The news as of the first coffee this morning, and the music is Warren Zevon's interesting solo acoustic live album Learning To Flinch, followed by Doyle Lawson & Quicksilver's exquisite a capella bluegrass gospel album There's A Light Guiding Me. It makes more sense than it might seem:
 
AbilityCRM, a CRM seller based in Tempe, Arizona, has teamed with Rave Computer Association and Consona ERP to release myCRM-Appliance, a CRM server appliance marketed to small to medium sized companies.

Customer Relationship Management is "front and center" for all growing companies,  says James Marzola, President and CEO of AbilityCRM, because "the market conditions mandate a different approach to increasing new business, taking care of your customers, and marketing your products and service."

The product is billed as giving customers a choice of mid-market CRM systems from either Microsoft Dynamics CRM or Sage SalesLogix CRM for 10-25 users. It also has the recent release of Intel's new Nehalem architecture processor and a price point between $59.00 and $89.00 per user, which includes installation, configuration, training and ongoing 24-hour system and network monitoring support, according to AbilityCRM officials.

Frank O'Nell, vice president of product management for Consona ERP, says the new appliance "streamlines the implementation process, and could reduce the cost of implementation and support services." Options include the AbilityConnect integration interface for Consona Made2Manage and Intuitive ERP systems and data import and conversion for ACT!, Salesforce.com, or GoldMine.
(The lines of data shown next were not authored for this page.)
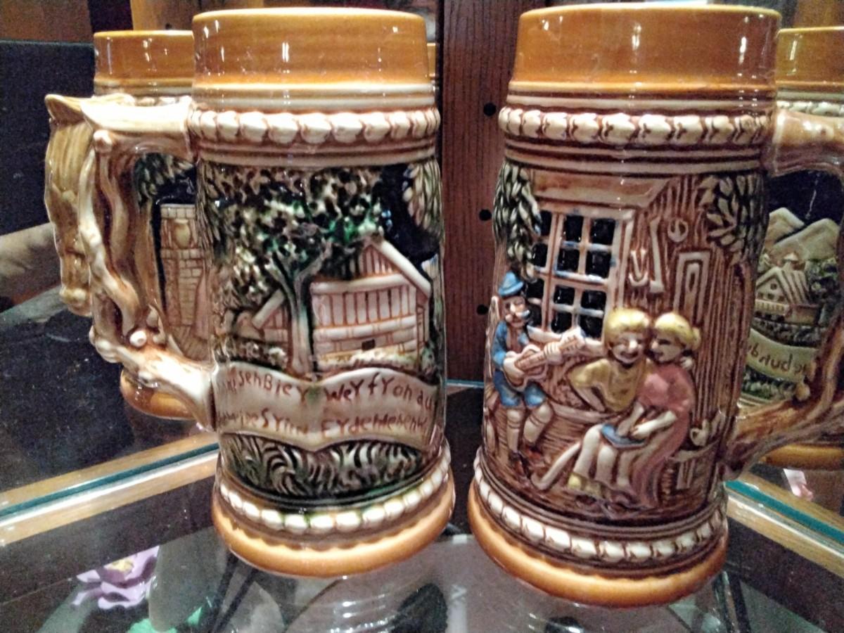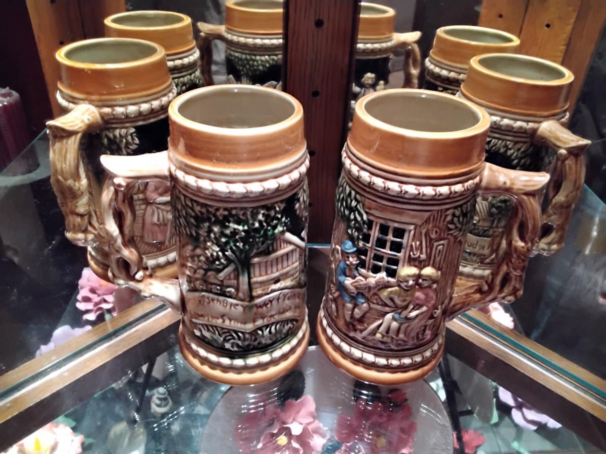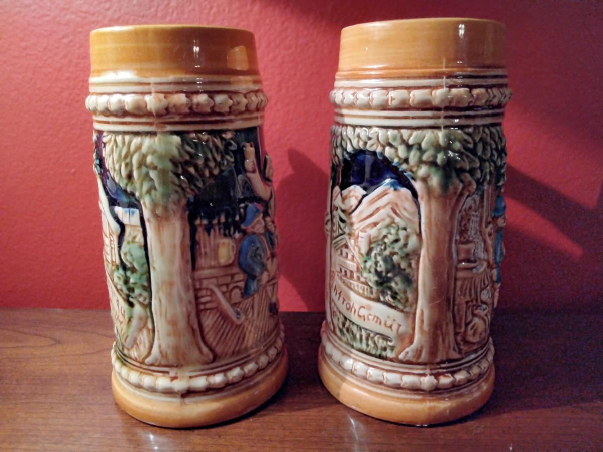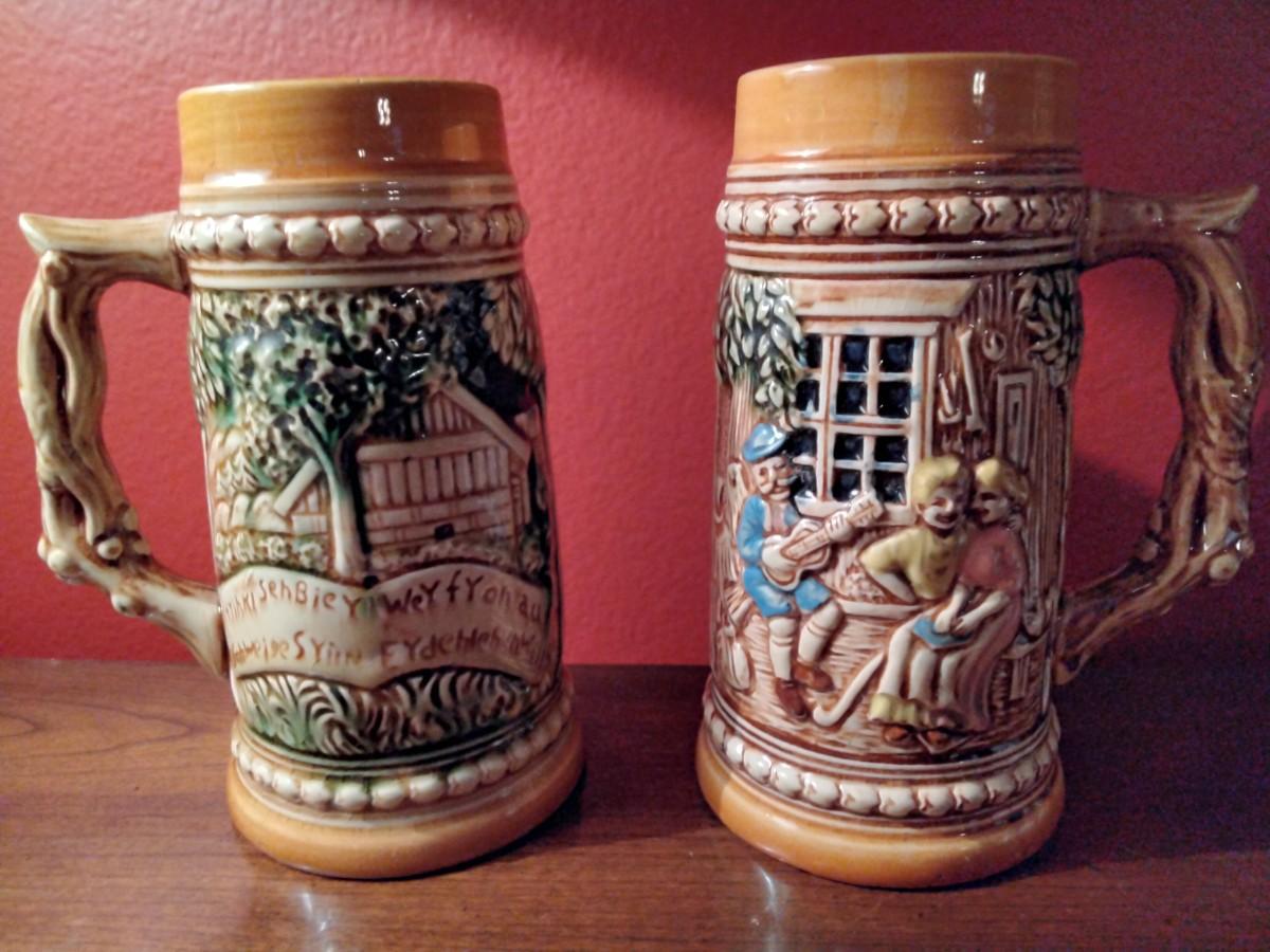 Vintage Lusterware German Beer Stein Ceramic Mugs Embossed Handpainted Japan
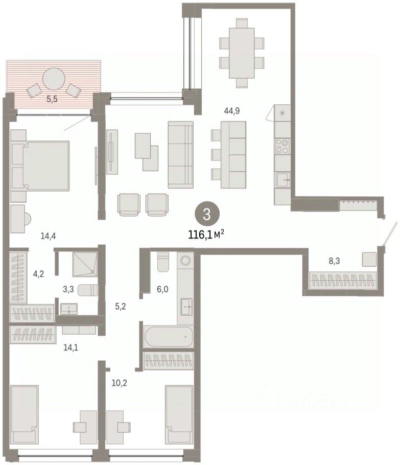 3-комн. квартира от застройщика с предчистовой отделкой в ЖК "Дом у озера" на 3 этаже. Общая площадь: 116.06 кв.м. Высота потолков 2.7 м.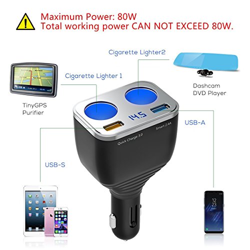- 【Practical Design】- Convert and increase your car cigarette lighter from 1 to 2 sockets, enough for simultaneous use of a variety of portable appliances like dash cam, GPS, handheld vacuum cleaner and other small appliances in your 12V/24V vehicle.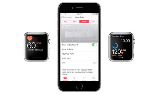 2 健康生活类: Helthkit 通过光电测量法监测流经用户手腕的血液周期变化。再把这些光信号转化成电信号,这样 Apple Watch 就可以计算出用户的心率数据。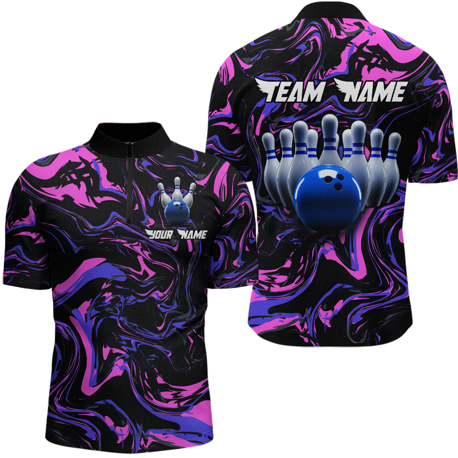Pink Purple Bowling Custom Men Bowling Shirt Polo & Quarter-Zip Bowling Team Jerseys HNT48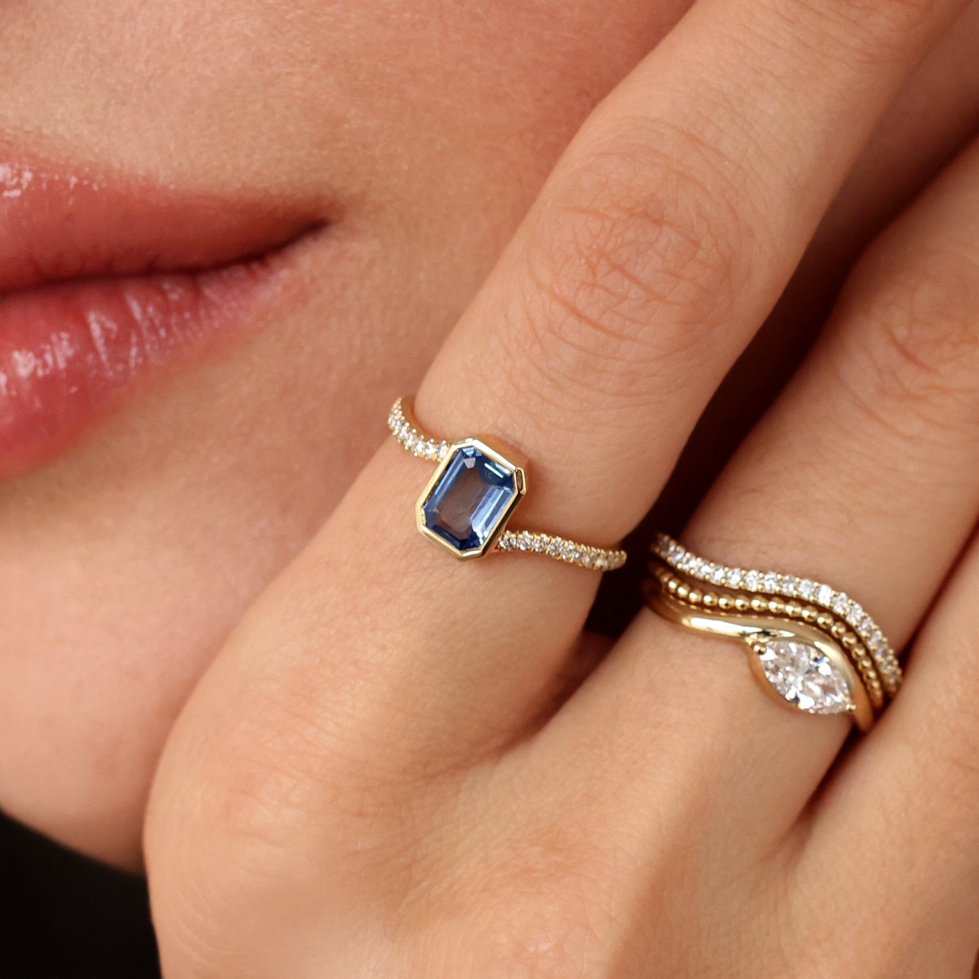 The Reprise Sapphire Ring centers on a 0.85ct emerald-cut blue sapphire, set within a clean gold frame that highlights its depth and color. Delicate diamond accents along the band add light and contrast while maintaining a refined, balanced feel.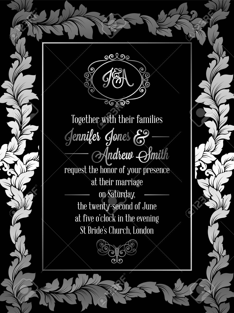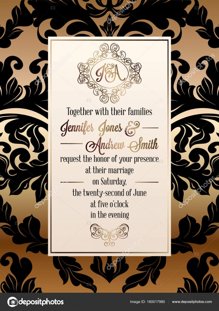 Vintage Baroque Style Wedding Invitation Card Template Elegant Formal Design With Damask Background Traditional Decoration For Wedding Gold And Black Background Stock Vector C Miamilky 159882624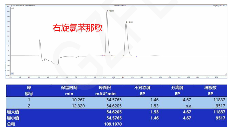 App ID: FLM-B240012 馬來酸氯苯那敏的手性拆分 色譜柱:Chiral ND(2) 5μm 250*4.6mm (貨號(hào):FMG-AC5-A01-NFC) 流動(dòng)相:正相(咨詢銷售) 流速:1.0 mL/min 檢測(cè)波長:254nm 柱溫:30℃ 樣品濃度:1mg/ml 進(jìn)樣量:10μl 色譜圖:

"Having two respected software partners like AbilityCRM and Consona further solidifies Rave's presence in the ISV appliance market," said Joe Borowicz, CFO of Rave Computer. "This is a win, win for everyone."
...

Knoa Software, a vendor of experience and performance management software, has announced a partnership with Serene Corporation, which implements Siebel CRM. Knoa officials say the alliance is designed to help customers use Knoa's technology and metrics and Serene's Siebel-specific expertise "whether in a call center, operating service processes, or supporting a field sales force."

"CRM professionals cannot afford failed technology deployment projects, particularly in tough economic times when business survival may be at stake," wrote Bill Band, vice president and principal analyst, Forrester, in the February 2009 report titled "How To Risk-Proof Your CRM Deployment Strategy."

The report continues, "To pinpoint the real-world pitfalls that can trip up CRM initiatives, Forrester surveyed business and IT leaders at 133 organizations. The executives were asked, 'What were the major challenges in successfully implementing [CRM vendor solution] in your environment?' The companies we studied are all well-experienced with CRM initiatives; they typically had 30 months of deployment experience under their belts with a wide range of leading enterprise and mid-market CRM suite solutions."
 
As it turns out, Band wrote, "there are plenty of risks to worry about. In fact, respondents reported more than 200 individual problems with their CRM projects, encompassing 27 risk areas. These perils form the basis of Forrester's CRM project risk evaluation. Thirty-three percent of the problems reported were related to technology, 27 percent to business processes, 22 percent to people, and 18 percent to CRM strategy and deployment."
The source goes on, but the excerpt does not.